株式相場のいろいろな決まりゼロからはじめる株式投資入門(3/4 ページ)

» 2013年11月08日 08時00分 公開
[三井智映子,Business Media 誠]

インサイダー

 みなさんもインサイダー取引という言葉は聞いたことがありますよね。

 インサイダー取引は内部者取引ともいいます。上場会社または親会社・子会社の役職員、パート社員やアルバイト、大株主などの会社関係者が、株価に影響を与える事実が公表される前に特定有価証券などの売買を行うことを指します。

 例えば大幅な増益になったとか、新株発行などの事実がまだ未公開のときに、そうした情報を知っている人が「これは上がるぞ〜」とフライングして株を買ったり、譲ってもらってはいけないということですね。では、そうした情報がなにをもって公開されたと判断するかというと、一般紙、通信社、放送局などの2媒体以上のマスコミに対して情報を公開し、さらに12時間以上経過した後ならよしということです。逆にいえば、それ以降は売買しても、もちろん大丈夫なので、売買のタイミングをよく見極めてくださいね。インサイダー取引は金融商品取引法で規制されていますから、違反した場合は懲役もしくは罰金、または両方を科されてしまいます。くれぐれもご注意ください。

税金

 これは結構重要な点ですが、株の利益は課税対象になります。

 株の値上がり益や配当金にかかる税金は、預金の利子と同様に20%ですが、2013年12月31日までは10%におさえられています。

 納税の手間を楽にしたいという人には、証券会社の口座を特定口座にすることをオススメします。特定口座をつくると、年間取引報告書という1年分の取引をまとめた書類を証券会社が作成してくれます。一般口座の場合には、自分でそうした取引をまとめなくてはいけません。さらに、この特定口座を開設する際に「源泉徴収あり」を選べば、証券会社があなたの代わりに納税してくれます。ここで「なし」を選択した場合は、自分で確定申告をしなければなりません。

 ただ、本業以外に収入がなく、株の利益が年間で20万円以下の場合は納税が免除されますので、その場合は「源泉徴収なし」を選んだほうがお得です。「あり」を選ぶと株の利益が年20万円以下でも自動的に税金が引かれてしまいますのでご注意を。

デリバティブ

 金融派生商品とも称されるデリバティブにはあらゆる形態がありますが、要するに価格変動によるリスクを回避するための金融商品の総称です。先に説明した先物取引も、このデリバティブに含まれます。原資産(商品)や、取引の種類によって分類されます。

 商品(コモディティ)デリバティブには、小麦やトウモロコシといった農産物を扱うソフトコモディティや、金属、ブームにもなった金やプラチナなどの貴金属を扱う商品があります。

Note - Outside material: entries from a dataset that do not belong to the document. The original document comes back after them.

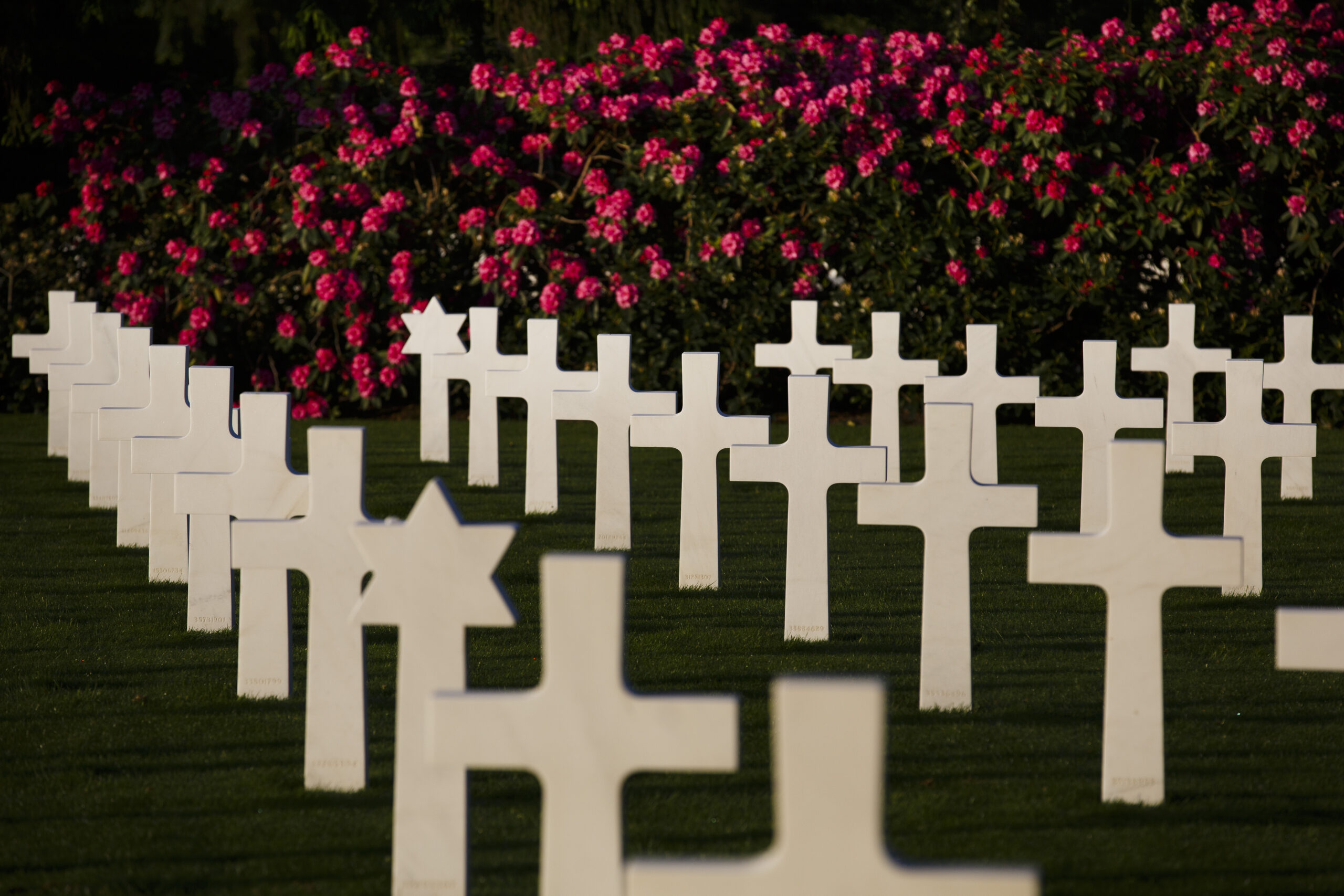 Marble headstones are perfectly aligned near flowering bushes.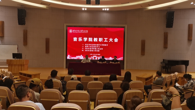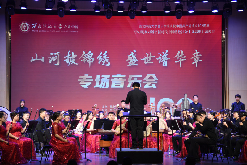 奋楫笃行喜迎建党日,初心如磐回首百年春。为庆祝中国共产党成立102周年,深入开展学习贯彻习近平新时代中国特色社会主义思想主题教育,回望辉煌历程,传承红色基因,用音乐凝聚起全院师生奋进新征程的磅礴力量,6月30日晚,公司在云亭校区音乐厅举办“山河披锦绣·盛世谱华章”庆祝中国共产党成立102周年专场音乐会,公司领导班子、全院师生党员、入党积极分子及各年级员工近300人观看演出,公司青年教师杨鹏宏担任主持。 开场节目由孔庆丹老师携公司民族管弦乐团带来《国风》和《梦回古道》,作曲家运用民族语言和国际化的音乐,弘中国之风骨,扬民族之精神,磅礴大气、荡气回肠的演奏充分展现了中华优秀传统文化的魅力。2022级专硕班员工赵晓铮带来脍炙人口、昂扬激情的男高音独唱《北京颂歌》,歌曲赞颂了首都北京是“祖国的心脏,团结的象征”。王琳老师携弟子桑艺、马卿朔、曹晓文带来中提琴四重奏《鸿雁》,通过蒙古族长调悠扬的旋律寄托着远在异乡游牧民族对故土的眷念与深邃的乡愁,中提琴深邃的旋律音色,奏出了浓郁的乡愁,它们既在琴声之中,又穿透琴声飞扬至千里之外,勾勒出了游子对故土人文的共鸣之情。公司青年教师刘治宏深情演绎《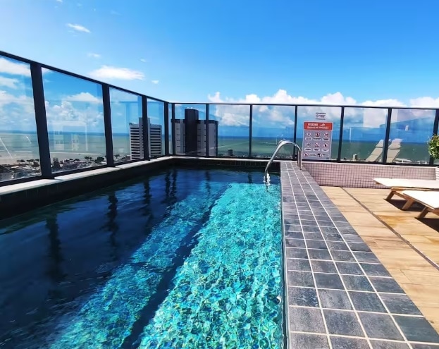 35m² apartment located in the best location in João Pessoa: on the seafront of Cabo Branco! You will have at your disposal a super comfortable apartment, with bed and bath linens, Wi-Fi, Smart TV, dishes, cutlery and several other essential amenities for your well-being! The common area features a swimming pool, restaurant, parking and a coworking meeting room. The region is super safe and has easy access to everything you need (bars, bakery, pharmacy, supermarkets, the best restaurants in the city).

 また、金融(ファイナンシャル)デリバティブには、個別の株や日経平均などの株価指数、通貨や国債などの債券を扱った証券があります。

 そのほかのデリバティブには、企業の債務不履行のリスクをプロテクトするCDS(クレジット・デフォルト・スワップ)などのクレジットデリバティブや、スキー場で降雪がどのくらい以上だったらお金を払い、積もらなかったらもらう、という掛け捨ての保険のような天候に関連したデリバティブなどもあるそうです。

 デリバティブの原型は、古代ギリシャの哲学者・ターレスがオリーブの搾油機の権利の取引をしたことらしいです。ちなみに、世界ではじめての先物市場の仕組みを備えた取引所は、なんと日本にありました!

 1730年に大坂にできた堂島米会所です。徳川吉宗公の時代に大岡越前守が進言したそうです。金融に携わっていて、密かにこのことを誇りに思っている人は多いとのことですよ。